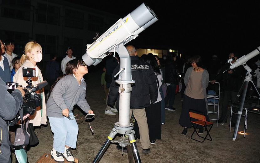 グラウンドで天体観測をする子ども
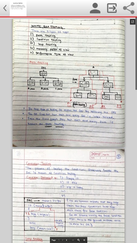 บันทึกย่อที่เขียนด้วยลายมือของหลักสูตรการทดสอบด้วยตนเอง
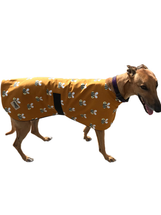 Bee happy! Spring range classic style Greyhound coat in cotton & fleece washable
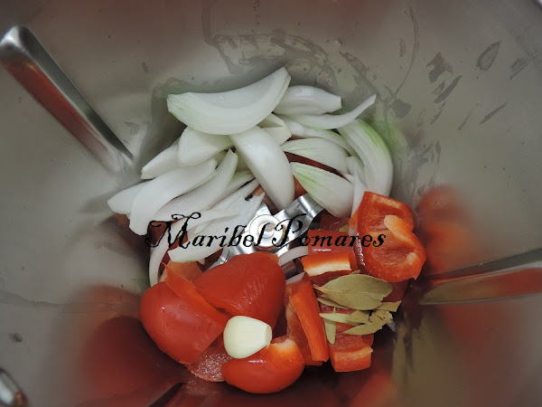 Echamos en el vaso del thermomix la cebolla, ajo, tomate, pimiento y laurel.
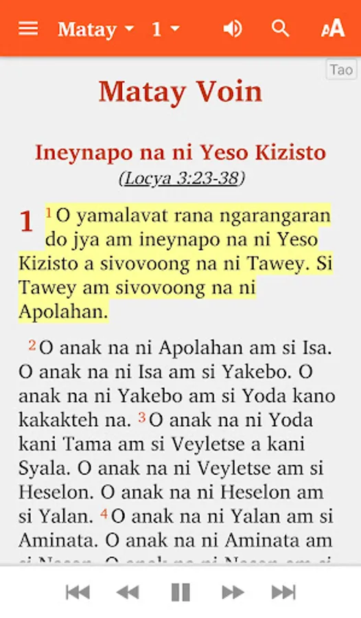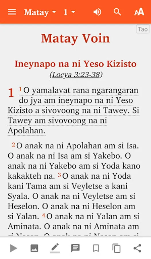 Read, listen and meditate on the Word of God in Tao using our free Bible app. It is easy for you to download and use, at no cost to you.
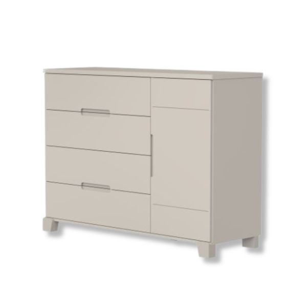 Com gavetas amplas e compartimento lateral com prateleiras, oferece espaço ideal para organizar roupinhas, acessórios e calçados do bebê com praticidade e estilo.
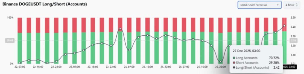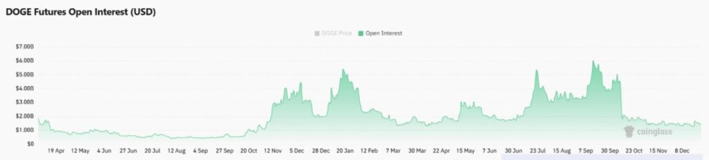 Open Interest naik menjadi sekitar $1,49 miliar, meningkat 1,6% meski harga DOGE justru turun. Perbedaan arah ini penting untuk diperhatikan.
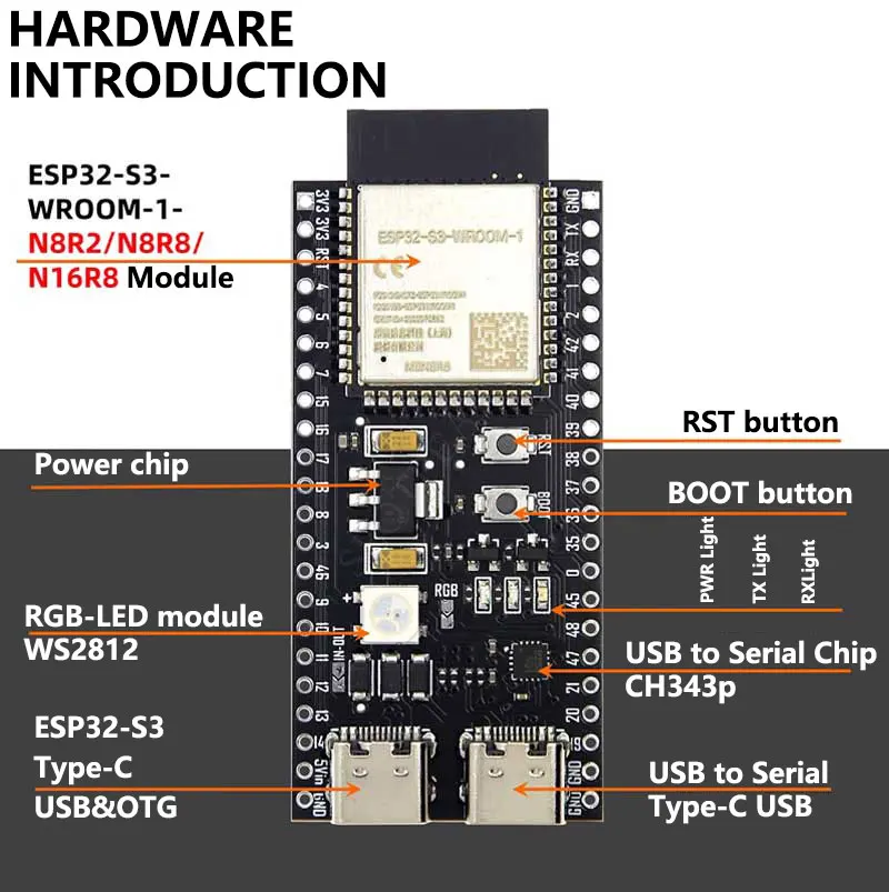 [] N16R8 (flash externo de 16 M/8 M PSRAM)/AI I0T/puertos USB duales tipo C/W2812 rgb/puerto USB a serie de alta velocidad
************
▶ _Task prompt_
From the records above, transcribe exactly the lines starting at the one containing "Com gavetas amplas" and ending at the one containing "Open Interest naik". Skip the pictures.

▶ _Task output_
 Com gavetas amplas e compartimento lateral com prateleiras, oferece espaço ideal para organizar roupinhas, acessórios e calçados do bebê com praticidade e estilo.
 Open Interest naik menjadi sekitar $1,49 miliar, meningkat 1,6% meski harga DOGE justru turun. Perbedaan arah ini penting untuk diperhatikan.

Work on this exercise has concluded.